■ **What needs to be done**:
Each line in the material below, starting at the one that contains "Die fehlerhaften Stempelungen" and ending at the one that contains "Σας έχει λείψει", should be repeated exactly; the pictures should not.

■ **Supplied material**:
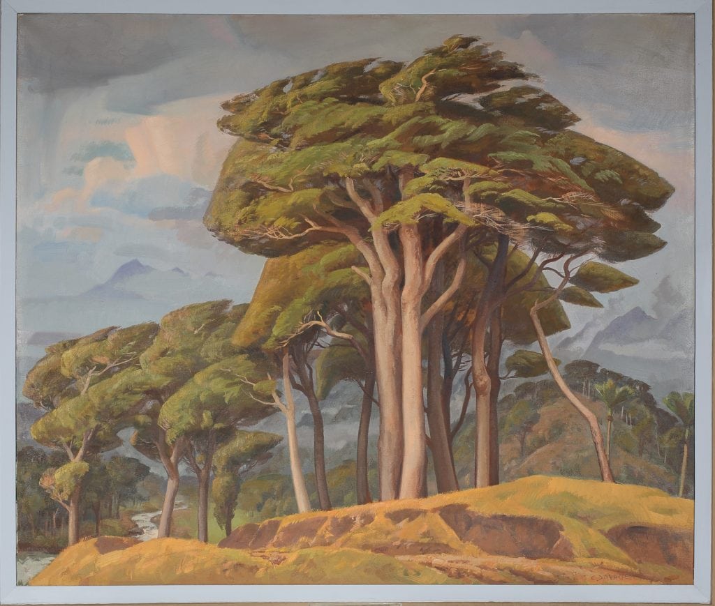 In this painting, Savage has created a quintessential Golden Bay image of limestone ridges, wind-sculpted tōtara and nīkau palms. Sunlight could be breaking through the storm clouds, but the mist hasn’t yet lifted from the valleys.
--
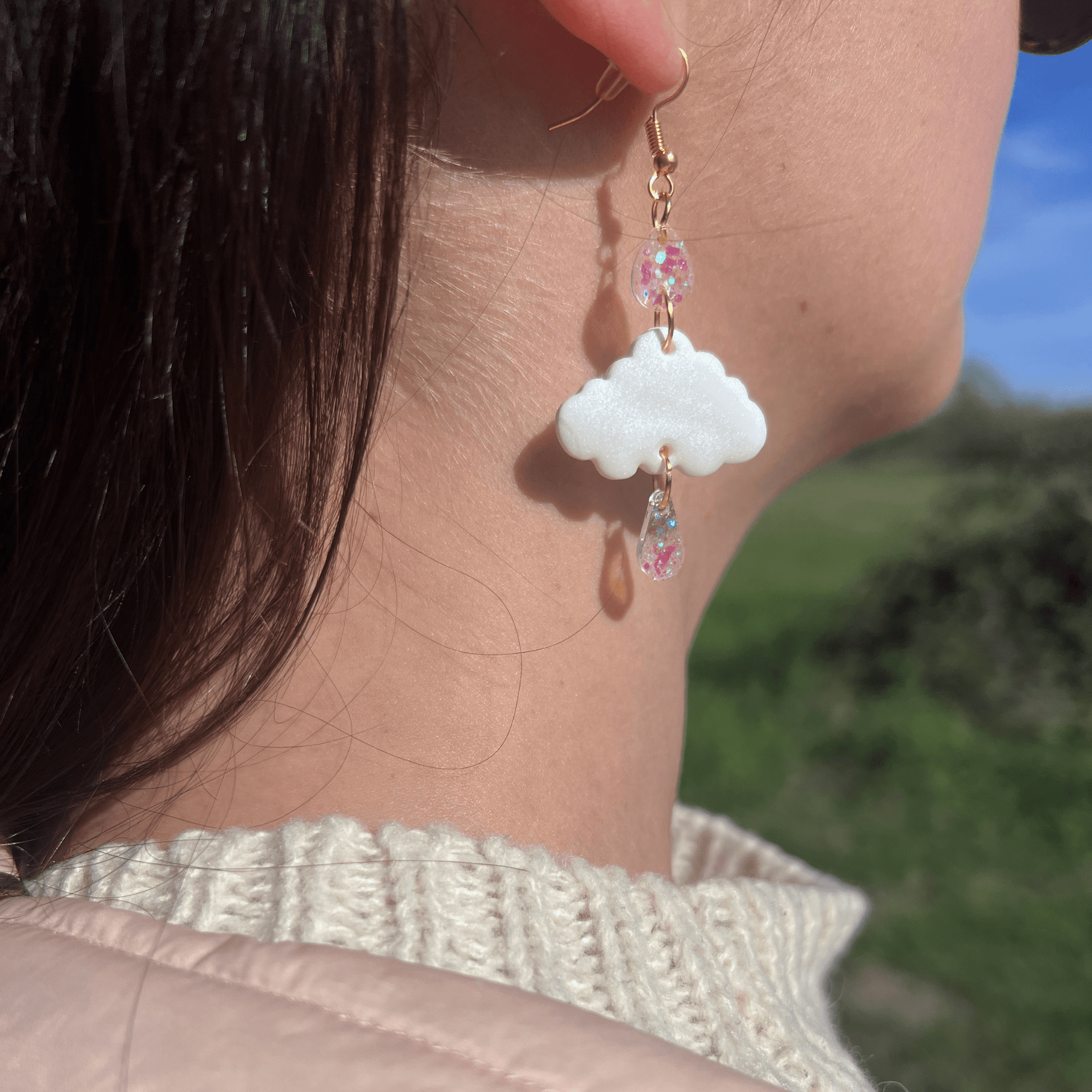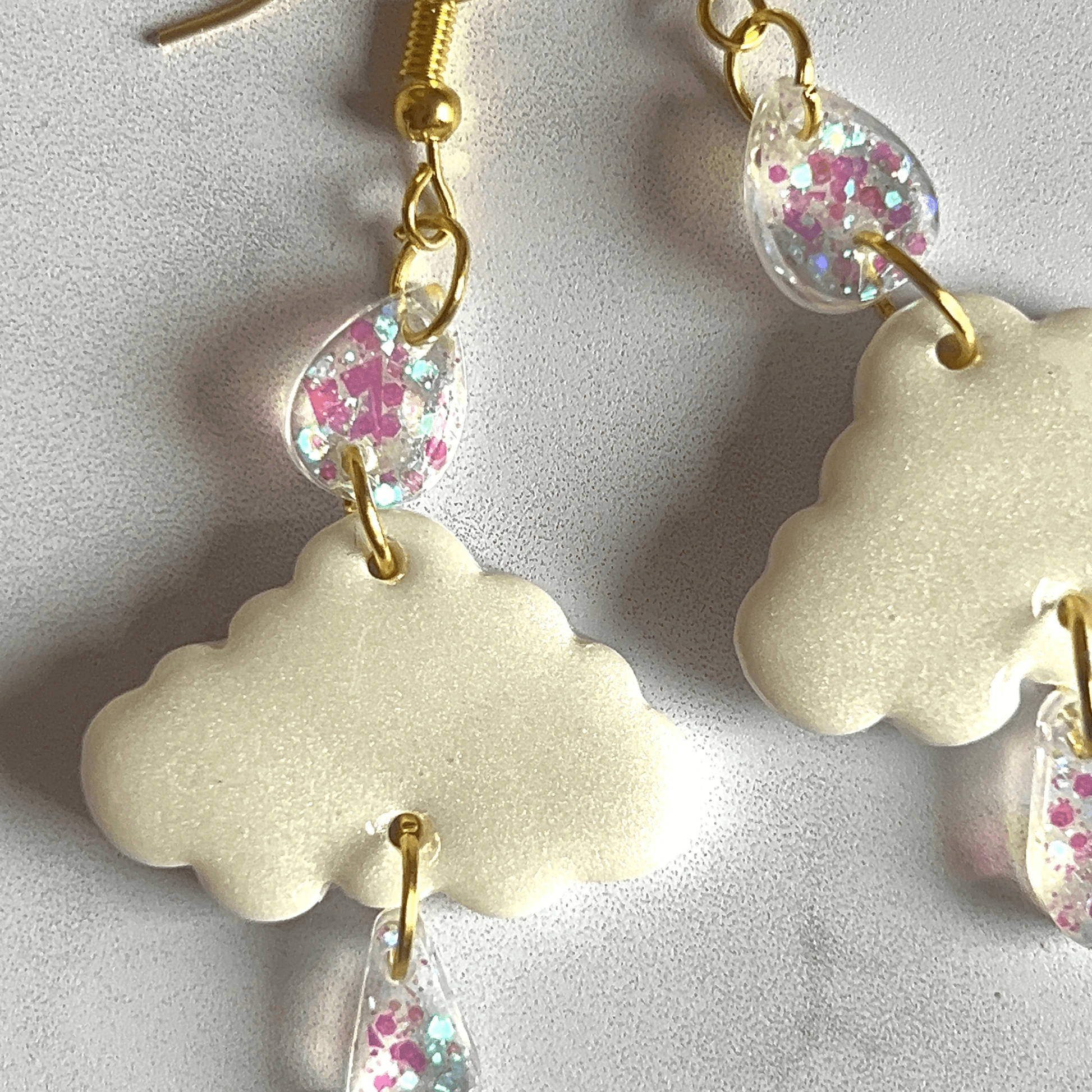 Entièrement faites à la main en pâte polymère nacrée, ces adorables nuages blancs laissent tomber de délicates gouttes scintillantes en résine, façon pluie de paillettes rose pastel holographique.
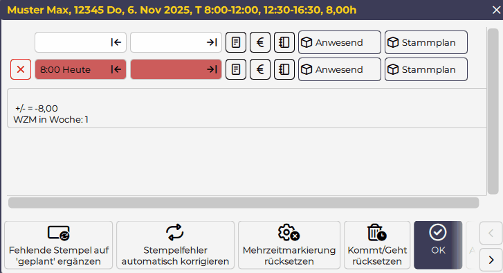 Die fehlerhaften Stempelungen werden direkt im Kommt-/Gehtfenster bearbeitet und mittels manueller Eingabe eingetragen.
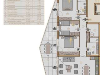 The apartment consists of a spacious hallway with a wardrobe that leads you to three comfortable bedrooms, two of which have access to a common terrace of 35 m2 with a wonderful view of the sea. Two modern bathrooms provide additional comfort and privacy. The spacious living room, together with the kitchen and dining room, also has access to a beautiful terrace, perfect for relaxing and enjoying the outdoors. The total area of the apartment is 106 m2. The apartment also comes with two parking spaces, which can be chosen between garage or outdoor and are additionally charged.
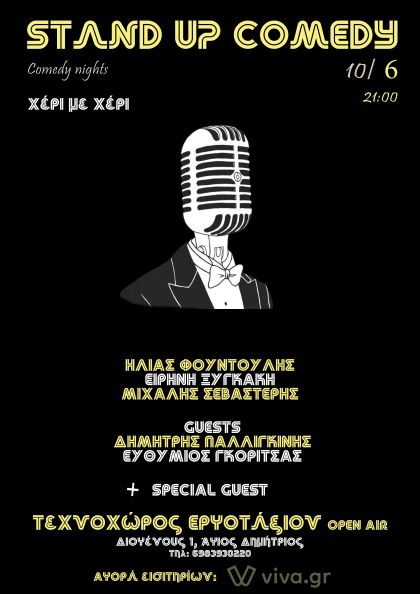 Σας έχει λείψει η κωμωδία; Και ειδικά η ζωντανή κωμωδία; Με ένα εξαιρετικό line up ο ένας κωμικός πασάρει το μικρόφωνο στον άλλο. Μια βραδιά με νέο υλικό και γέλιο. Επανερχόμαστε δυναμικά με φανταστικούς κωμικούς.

■ **Output of the exercise**:
 Die fehlerhaften Stempelungen werden direkt im Kommt-/Gehtfenster bearbeitet und mittels manueller Eingabe eingetragen.
 The apartment consists of a spacious hallway with a wardrobe that leads you to three comfortable bedrooms, two of which have access to a common terrace of 35 m2 with a wonderful view of the sea. Two modern bathrooms provide additional comfort and privacy. The spacious living room, together with the kitchen and dining room, also has access to a beautiful terrace, perfect for relaxing and enjoying the outdoors. The total area of the apartment is 106 m2. The apartment also comes with two parking spaces, which can be chosen between garage or outdoor and are additionally charged.
 Σας έχει λείψει η κωμωδία; Και ειδικά η ζωντανή κωμωδία; Με ένα εξαιρετικό line up ο ένας κωμικός πασάρει το μικρόφωνο στον άλλο. Μια βραδιά με νέο υλικό και γέλιο. Επανερχόμαστε δυναμικά με φανταστικούς κωμικούς.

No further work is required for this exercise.